— Instructions for the task —
Produce one exact copy of the records, no pictures.

Extracted records:

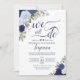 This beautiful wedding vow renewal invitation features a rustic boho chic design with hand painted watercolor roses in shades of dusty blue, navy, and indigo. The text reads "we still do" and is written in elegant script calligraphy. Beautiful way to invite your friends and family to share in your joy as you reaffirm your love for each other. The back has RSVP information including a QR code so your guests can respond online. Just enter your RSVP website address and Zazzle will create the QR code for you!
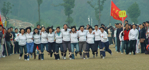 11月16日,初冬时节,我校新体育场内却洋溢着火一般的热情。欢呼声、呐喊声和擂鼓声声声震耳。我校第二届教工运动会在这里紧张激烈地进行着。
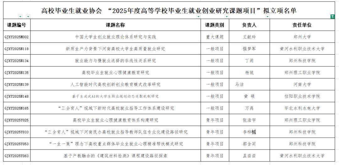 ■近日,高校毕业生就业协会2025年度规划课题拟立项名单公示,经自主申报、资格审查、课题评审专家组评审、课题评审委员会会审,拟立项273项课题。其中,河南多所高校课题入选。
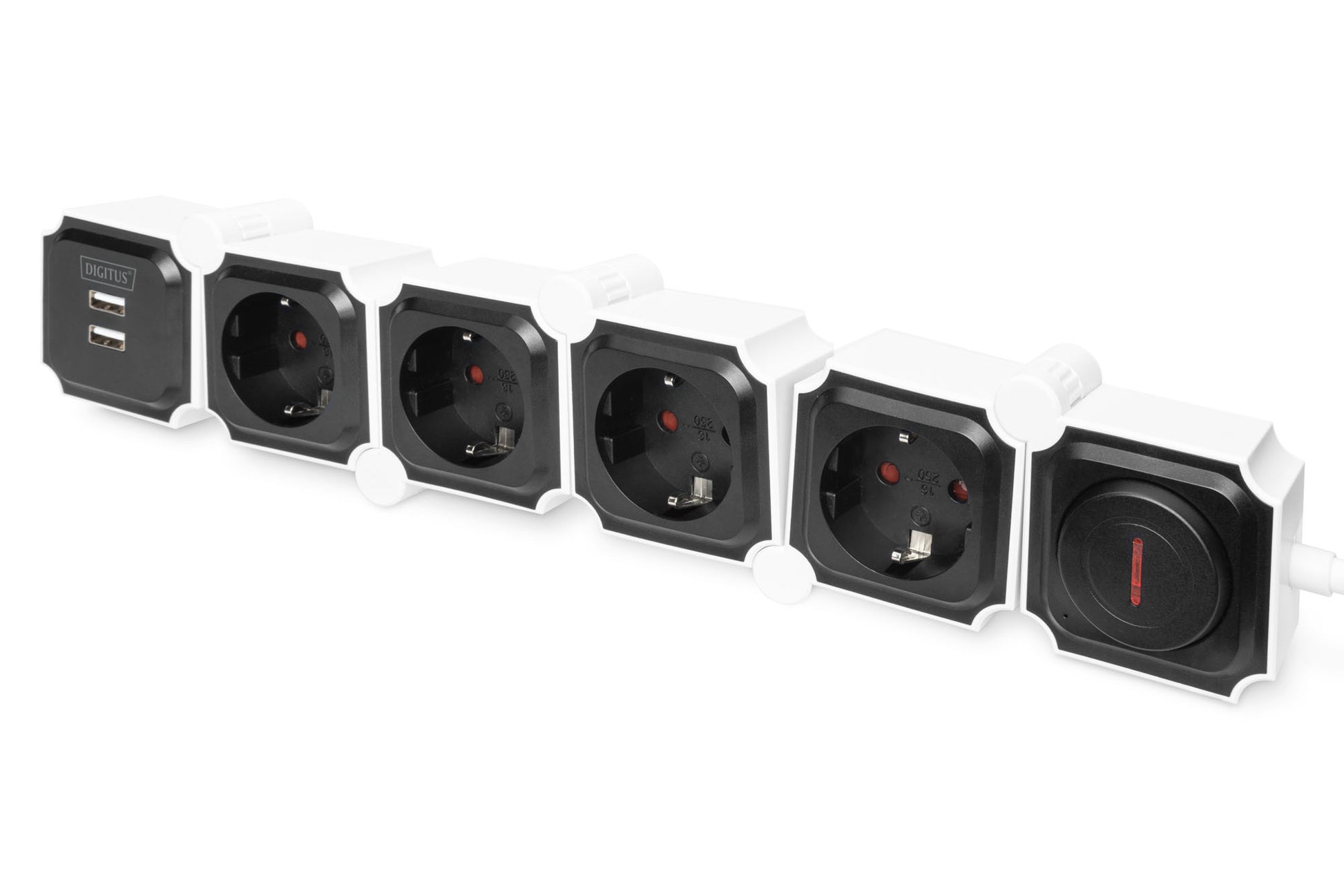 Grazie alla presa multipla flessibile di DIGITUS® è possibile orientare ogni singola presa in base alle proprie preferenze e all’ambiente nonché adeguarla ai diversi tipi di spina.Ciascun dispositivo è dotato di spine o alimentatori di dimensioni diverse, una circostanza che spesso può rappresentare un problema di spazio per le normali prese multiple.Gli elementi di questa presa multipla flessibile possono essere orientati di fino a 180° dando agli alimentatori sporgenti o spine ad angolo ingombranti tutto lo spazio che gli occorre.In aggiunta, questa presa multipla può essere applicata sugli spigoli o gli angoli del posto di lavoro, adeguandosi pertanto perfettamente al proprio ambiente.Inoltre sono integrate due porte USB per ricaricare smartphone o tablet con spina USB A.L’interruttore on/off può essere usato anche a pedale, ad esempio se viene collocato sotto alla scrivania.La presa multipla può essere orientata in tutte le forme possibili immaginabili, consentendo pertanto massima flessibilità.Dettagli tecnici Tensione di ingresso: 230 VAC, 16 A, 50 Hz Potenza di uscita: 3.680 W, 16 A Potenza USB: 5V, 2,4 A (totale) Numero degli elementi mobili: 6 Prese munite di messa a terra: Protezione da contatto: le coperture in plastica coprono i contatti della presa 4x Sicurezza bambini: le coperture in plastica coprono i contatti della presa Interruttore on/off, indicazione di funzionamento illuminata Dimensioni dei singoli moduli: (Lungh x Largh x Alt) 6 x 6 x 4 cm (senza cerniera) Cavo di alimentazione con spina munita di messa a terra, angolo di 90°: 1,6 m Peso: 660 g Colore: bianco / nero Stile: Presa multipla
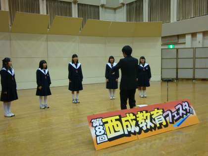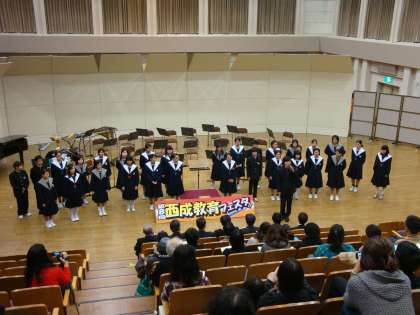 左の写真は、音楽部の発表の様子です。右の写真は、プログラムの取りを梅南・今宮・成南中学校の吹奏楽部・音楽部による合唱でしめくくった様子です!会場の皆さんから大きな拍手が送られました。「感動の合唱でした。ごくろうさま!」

— Response below —
 This beautiful wedding vow renewal invitation features a rustic boho chic design with hand painted watercolor roses in shades of dusty blue, navy, and indigo. The text reads "we still do" and is written in elegant script calligraphy. Beautiful way to invite your friends and family to share in your joy as you reaffirm your love for each other. The back has RSVP information including a QR code so your guests can respond online. Just enter your RSVP website address and Zazzle will create the QR code for you!
 11月16日,初冬时节,我校新体育场内却洋溢着火一般的热情。欢呼声、呐喊声和擂鼓声声声震耳。我校第二届教工运动会在这里紧张激烈地进行着。
 ■近日,高校毕业生就业协会2025年度规划课题拟立项名单公示,经自主申报、资格审查、课题评审专家组评审、课题评审委员会会审,拟立项273项课题。其中,河南多所高校课题入选。
 Grazie alla presa multipla flessibile di DIGITUS® è possibile orientare ogni singola presa in base alle proprie preferenze e all’ambiente nonché adeguarla ai diversi tipi di spina.Ciascun dispositivo è dotato di spine o alimentatori di dimensioni diverse, una circostanza che spesso può rappresentare un problema di spazio per le normali prese multiple.Gli elementi di questa presa multipla flessibile possono essere orientati di fino a 180° dando agli alimentatori sporgenti o spine ad angolo ingombranti tutto lo spazio che gli occorre.In aggiunta, questa presa multipla può essere applicata sugli spigoli o gli angoli del posto di lavoro, adeguandosi pertanto perfettamente al proprio ambiente.Inoltre sono integrate due porte USB per ricaricare smartphone o tablet con spina USB A.L’interruttore on/off può essere usato anche a pedale, ad esempio se viene collocato sotto alla scrivania.La presa multipla può essere orientata in tutte le forme possibili immaginabili, consentendo pertanto massima flessibilità.Dettagli tecnici Tensione di ingresso: 230 VAC, 16 A, 50 Hz Potenza di uscita: 3.680 W, 16 A Potenza USB: 5V, 2,4 A (totale) Numero degli elementi mobili: 6 Prese munite di messa a terra: Protezione da contatto: le coperture in plastica coprono i contatti della presa 4x Sicurezza bambini: le coperture in plastica coprono i contatti della presa Interruttore on/off, indicazione di funzionamento illuminata Dimensioni dei singoli moduli: (Lungh x Largh x Alt) 6 x 6 x 4 cm (senza cerniera) Cavo di alimentazione con spina munita di messa a terra, angolo di 90°: 1,6 m Peso: 660 g Colore: bianco / nero Stile: Presa multipla
 左の写真は、音楽部の発表の様子です。右の写真は、プログラムの取りを梅南・今宮・成南中学校の吹奏楽部・音楽部による合唱でしめくくった様子です!会場の皆さんから大きな拍手が送られました。「感動の合唱でした。ごくろうさま!」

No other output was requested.